# Problem With ESO (Lag Spike)



## MrGoat

Hello, i've bought The game : the Elder scrolls Online, recently and i got some difficulties with my connection to their server. i experience lag spike at high frenquency. i t hough that was Graphic at first but after installing a monitor system i seen i've been runing at 100fps. so it's not a trouble. the game lag in interation with the world and fight but not on chat. lowered graphic but no success. desactivated the firewall added exeptiong opened port. still no change.

i'm out of idea and tips from the internet. Can someone Help me on that?

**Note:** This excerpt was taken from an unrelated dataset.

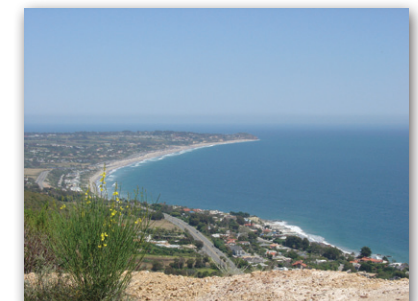
28+ ACRE ESTATE SITE Incredible views & privacy. Geology & soils reports available. Plans for an apx. 8,000 sq. ft. home. $3,650,000 | Malibu Brant Didden

ps. i have a wireshark trace file to show if needed.


----------



## Masterchiefxx17

Hi and Welcome to TSF!

Go to www.speedtest.net and run the test. What are the results of the test?


----------



## MrGoat

Thank you,

i though i've mentionned it. sorry my average is 20 to 30 mbs with a ping of 15-20 during the lag spike.


----------



## Masterchiefxx17

Do you have trouble with other online games? Was this purchased via Steam? You Steam's verify system to make sure the game is installed correctly:

https://support.steampowered.com/kb_article.php?ref=2037-QEUH-3335


----------



## MrGoat

Yes, Via Steam. but i dont use it Via steam as it have its own launcher. i never noticed the problems with any other game exept this one if it was present i guess they deal in a better way with the trouble i have.


----------



## Masterchiefxx17

Yes, but Steam was most likely used to install the game. Verifying the game is in working order will rule out the game being an issue.


----------



## MrGoat

WEll after installing the first time the launcher made me patch 60gb... so idk about steam making the install. but i will try it i guess nothing to lose.


----------



## MrGoat

No this didnt fixed anything  ( if its doesnt seem more frequent and worse )


----------



## Masterchiefxx17

See if what's here helps at all:

Endless Loading Screens [ FIX ] - Elder Scrolls Online


----------



## MrGoat

already tryed and no, i desactivated all my Firewall so this couldnt be the issue


----------



## MrGoat

Since i made steam check validate files. it's became worse its "fixed" some file and the launcher made me redownload whole game. and now as soon as i have combat its lagging.


----------



## Masterchiefxx17

Did it just redownload some of the files, or the entire game? It was a full reinstall?


----------



## MrGoat

:flowers:Redownloaded entire game as far as i know and the problems is worse.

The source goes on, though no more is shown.